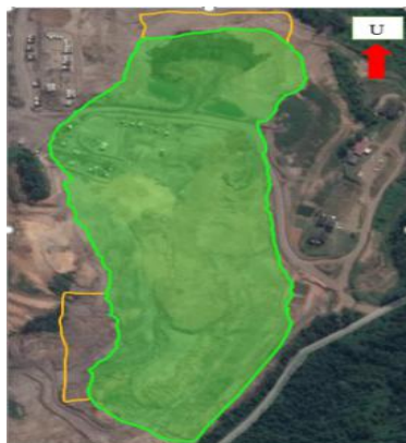
Gambar 2. Peta luas penebaran tanah zona pengakaran

Kondisi aktual dari Penebaran Tanah Zona Pengakaran adalah penghamparan tanah zona pengakaran area disposal meranjat berjalan dengan rencana luas lahan sebesar 14.91 Ha sudah terealisasi sampai dengan sekarang dengan luas lahan 12.276 Ha sehingga persentasenya adalah 82,3%. Ketebalan top soil dari area disposal adalah 30 cm. Top Soil diangkut dari penyimpanan sementara yang berjarak 1,2 km dari lokasi. Alat-alat yang bekerja adalah excavator dan dumptruck. Sedangkan pH tanah yang berada di tanah zona pengakaran dikategorikan sedang ke buruk karena setelah dilakukan analisis uji lab pH tanah berada di nilai pH 4,5 ke bawah sehingga pH tanah zona pengakaran berada di nilai sedang ke buruk. Peta luas penebaran tanah zona pengakaran dapat dilihat pada Gambar 2.
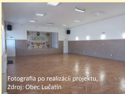
Fotografia po realizácii projektu

Schválená výška príspevku z PRV SR 2014 - 2020: 82 047,96 €
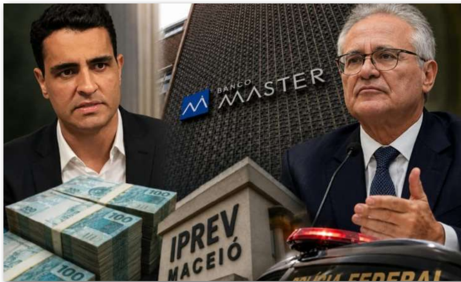
Renan Calheiros quer explicações de governo JHC
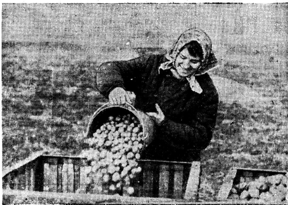
Труженицы цеха технологической диспетчеризации выезжали в Молочно-овощной совхоз на уборку картофеля. На картофельном поле и сделал эти снимки работник ЦТД Н. Зайцев.
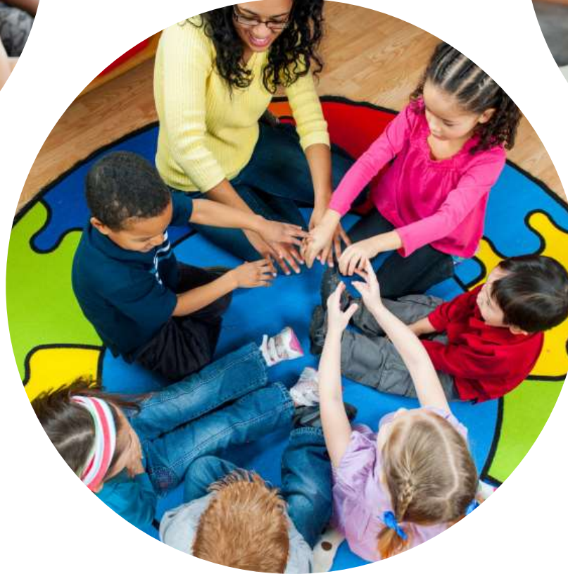
Sosyal ve Duygusal Gelişim
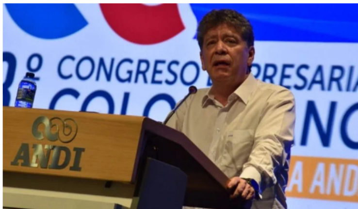
Así fue el congreso número ocho de la ANDI en Cartagena.

En Cartagena se realizó el octavo Congreso Empresarial Colombiano (CEC) de la Asociación Nacional de Empresarios de Colombia (ANDI) , este evento de tres días presentó una agenda muy variada.
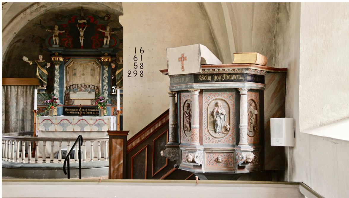
Predikstolen från 1600-talet. Till vänster i bild syns Johan Ullbergs altaruppsats som tillverkades 1745 eller 1746.

Altaruppsatsen tillverkades av den i Skåne välrepresenterade träsnidaren Johan Ullberg från Hurva, senare med verkstad i Finnja. Ullbergs produktion av altaruppsatser och predikstolar följer ett tidigt etablerat formspråk, i den stil som något nedlåtande

#### What you will do:
From the line containing "Fotografia po realizácii projektu" through the line containing "Así fue el congreso", copy every line above exactly, without pictures.

#### Your response:
Fotografia po realizácii projektu

Schválená výška príspevku z PRV SR 2014 - 2020: 82 047,96 €
Renan Calheiros quer explicações de governo JHC
Труженицы цеха технологической диспетчеризации выезжали в Молочно-овощной совхоз на уборку картофеля. На картофельном поле и сделал эти снимки работник ЦТД Н. Зайцев.
Sosyal ve Duygusal Gelişim
Así fue el congreso número ocho de la ANDI en Cartagena.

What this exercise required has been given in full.